While it may seem like an ambitious project to some, but Tremble says “It’s OK to dream big in Bonners Ferry.”

The plan is that within five years there will be a community kitchen located next to the high school and a school farm supplying produce to the school lunch program.

The Food Service staff have already reached the milestone of baking 95 percent of their bread goods by scratch.

A community kitchen would solve the issue of there not being enough space at the high school for serving meals and for students to eat.

 Currently, breakfast and lunch are served in the hallway and students overflow from the commons area into empty classrooms and hallways to eat. The envisioned community kitchen would alleviate that issue by having the capacity to seat 600.

The community kitchen would also be available as a processing facility for local business entrepreneurs who need a USDA approved facility.

At 10,000 square feet, the 7,000 square foot kitchen and food processing facility would provide ample room for the National School Lunch Program operations along with classroom space for students to practice culinary skills.
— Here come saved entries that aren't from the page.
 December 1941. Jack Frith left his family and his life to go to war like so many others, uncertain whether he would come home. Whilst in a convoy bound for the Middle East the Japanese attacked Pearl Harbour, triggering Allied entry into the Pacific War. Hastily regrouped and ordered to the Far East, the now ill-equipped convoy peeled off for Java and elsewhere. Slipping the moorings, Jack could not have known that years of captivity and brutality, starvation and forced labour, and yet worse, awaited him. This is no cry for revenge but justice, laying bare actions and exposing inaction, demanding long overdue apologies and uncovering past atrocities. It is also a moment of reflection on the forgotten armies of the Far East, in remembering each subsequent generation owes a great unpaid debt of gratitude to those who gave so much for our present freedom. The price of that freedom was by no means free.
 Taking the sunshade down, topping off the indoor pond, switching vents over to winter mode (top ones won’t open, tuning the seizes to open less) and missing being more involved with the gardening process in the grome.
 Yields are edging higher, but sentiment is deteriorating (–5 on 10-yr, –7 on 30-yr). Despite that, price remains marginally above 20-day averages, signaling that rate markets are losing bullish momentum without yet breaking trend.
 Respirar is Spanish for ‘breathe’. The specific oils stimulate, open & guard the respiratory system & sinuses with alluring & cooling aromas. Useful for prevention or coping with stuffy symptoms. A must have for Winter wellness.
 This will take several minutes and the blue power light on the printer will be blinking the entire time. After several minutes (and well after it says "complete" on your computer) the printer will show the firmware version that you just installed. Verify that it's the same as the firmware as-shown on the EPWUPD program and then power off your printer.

The remaining 3,000 square feet would be a cafeteria/event center.

The community kitchen would be able to handle the foods grown on the school farm in accordance with USDA rules.

The School Farm Project’s plan is to grow food based on what can be consumed at harvest time, what can be frozen for later use, and what can be sold without competing with local farmers.
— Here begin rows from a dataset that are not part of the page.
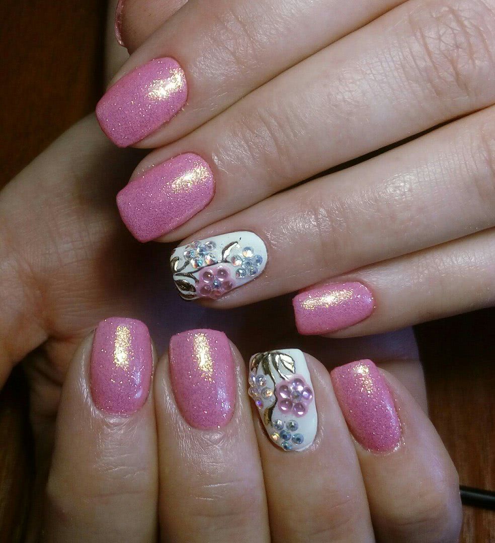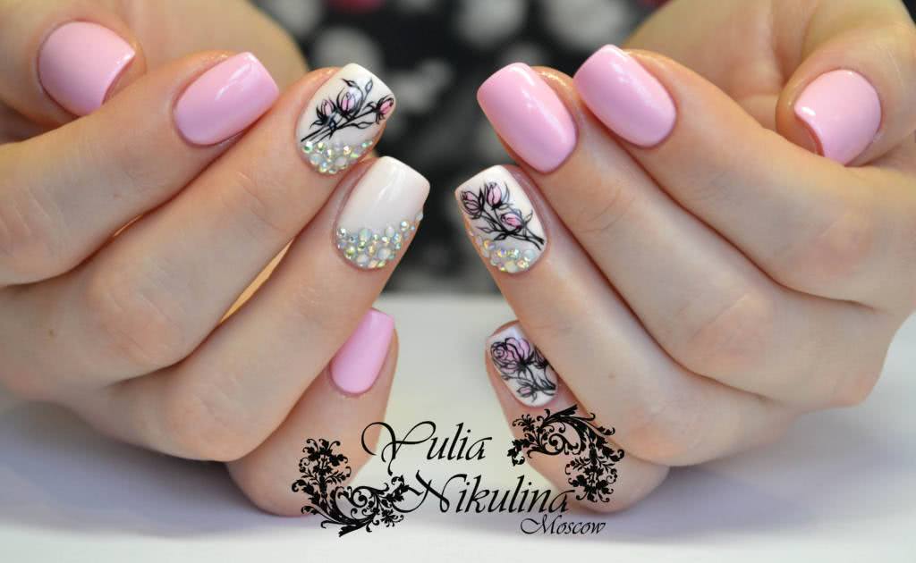 Великолепно смотрится сочетание глянцевого и матового лака, где цветы выполнены в бархатном напылении и украшены мелкими стразами
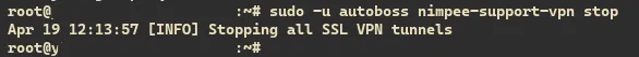 sudo -u autoboss nimpee-support-vpn stop
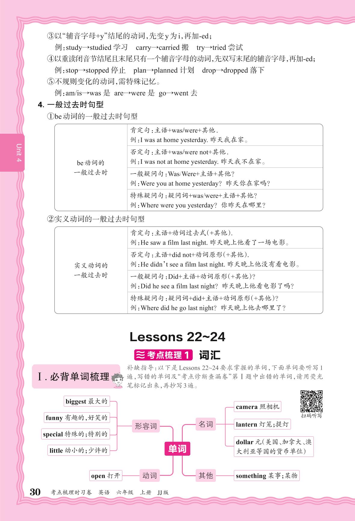 2024秋上册六年级英语冀教版 考点梳理补缺手册——Unit 4 Lessons 22~24
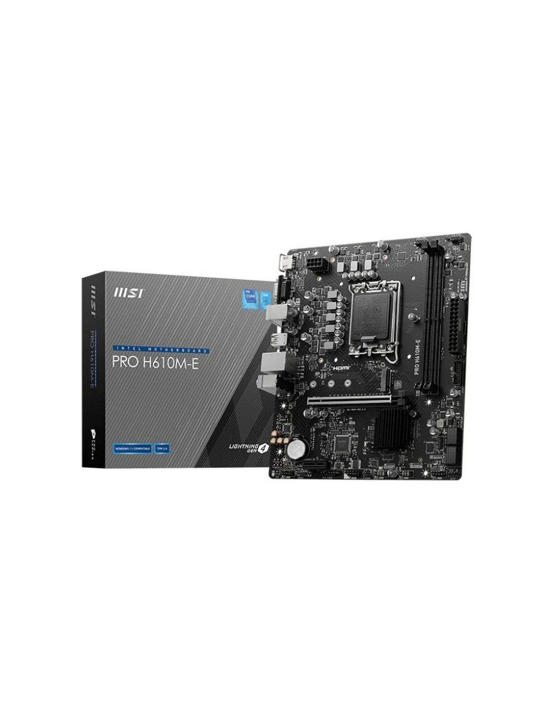 La MSI PRO H610M-E es la placa base perfecta para aquellos que buscan el mejor rendimiento y la máxima fiabilidad a la hora de construir su PC. Este modelo está diseñado para ofrecer una experiencia de usuario inigualable, con características avanzadas que satisfacen las demandas tanto de usuarios domésticos como profesionales. Descubre todo lo que este robusto componente puede ofrecerte y eleva tu configuración a un nuevo nivel.

Students would be able to grow and sell produce or other farm commodities as funding for school activities or events.

“We want to work with local markets, not compete with them,” Tremble said of  what will be grown.

Part of the Farm to School Program is to incorporate locally grown foods into the school menus.
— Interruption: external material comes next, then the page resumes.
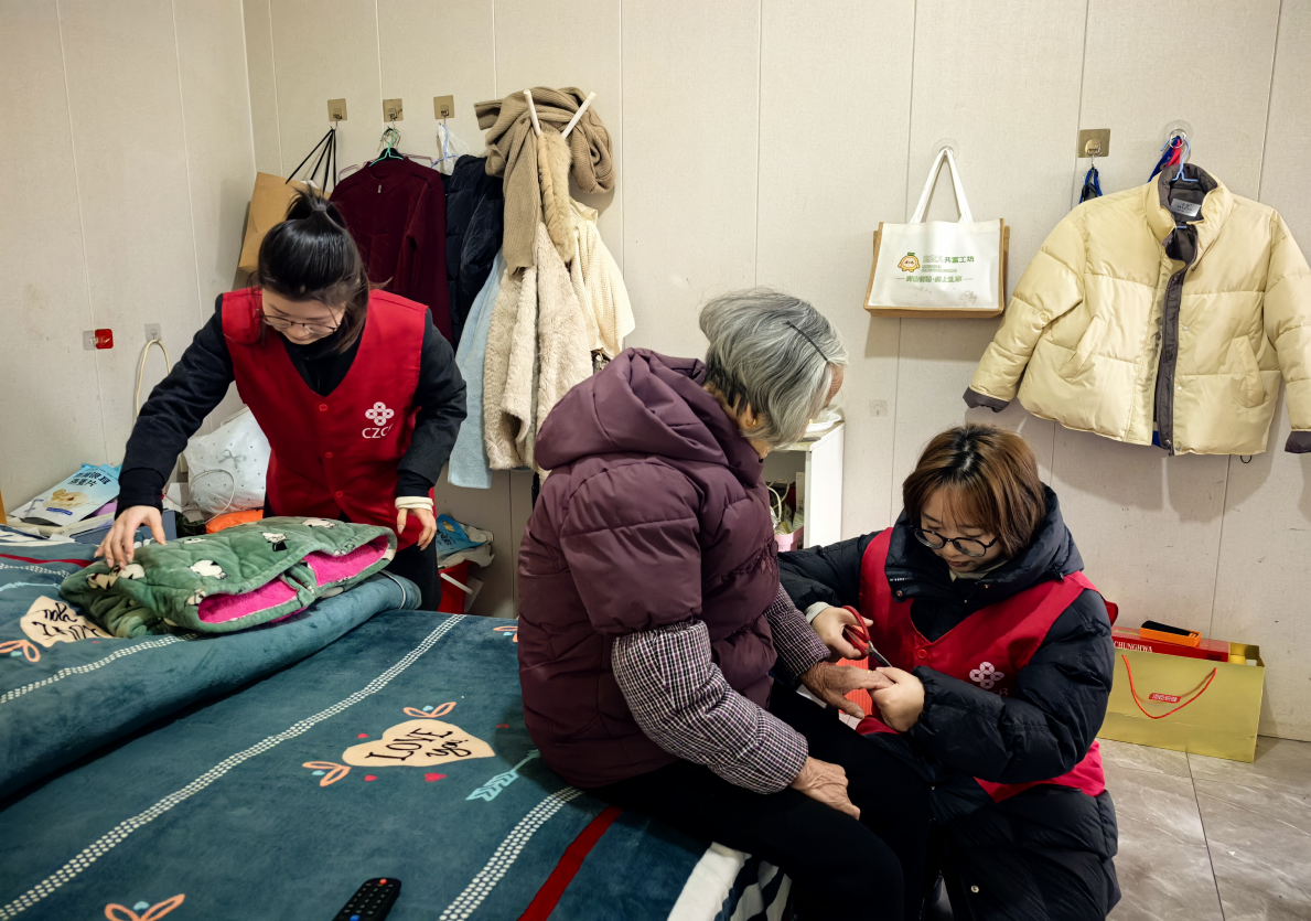衢州衢江支行的青年志愿者们则驱车来到万田乡慈张村,探望90岁高龄的郑奶奶。志愿者们一进门便分工忙开,有人叠被铺床,有人扫地擦桌,把散落的杂物归置整齐;还有人蹲在奶奶身边,小心翼翼地替她修剪指甲、梳理头发。郑奶奶坐在那里,看着这群忙前忙后的年轻人,眼眶泛红,不停地点着头。

By buying locally, there would be fewer costs associated with transporting food.

Tremble estimates 25percent of the cost of food is trucking. “We truck in 95 percent of everything we consume. We would save $120,000-$150,000 if we didn’t have trucking.”

Tremble gave the example that the Food Service could serve local apples and pears all the way into February and support local growers in the process.

The project could also support local companies doing biomass operations. With plans for year-round greenhouses, renewable heating sources are a necessity. “We are sitting on a gold mine of biomass,” said Tremble.

“In the community, for the community, by the community,” is the motto.

Community is what it is all about.

Numerous community members have already donated time, resources and knowledge to help get this project started. This project is relying on grant money and in-kind donations in order to be self-sustaining.

“We are trying to stay away from the general budget. This is all volunteer, with material and time donated,” said Booth. “Our plans are to be self-sustained with advanced means such as solar power and wind power.”

For the raised beds, donations came from across the community. An anonymous individual donated the dirt, American Materials hauled the dirt, Gary Neumeyer donated the manure which was hauled with Dennis Fitch’s truck, and Gary Regehr and Brandon Regehr of TNT donated the beams at milling cost.

The initial layout plan for the raised beds was drawn by the drafting students at the high school. Moose Valley Farms donated plants for the raised beds and the FFA will be helping with preparing and planting the raised beds this week.

The money left over from the Food Service’s Catering Fund has paid for any expenses so far, such as the lumber. No taxpayer money is being utilized according to Booth.

The committee is open to suggestions from the community, along with donations of any kind, including time, materials, plants or technical assistance. The committee readily agrees that there is phenomenal skill and talent around Bonners Ferry waiting to be tapped into.

“There are a lot of members in the community with knowledge,” says Booth. “We are more than open to discuss ideas, coordinate help or answer questions.”

Breanna Booth can be reached at 290-3513 and Randy Tremble can be reached at 267-3796.

They will also have a booth at the fair with information on the School Farm project, the summer food program, the nutrition program and applications for Free and Reduced meals.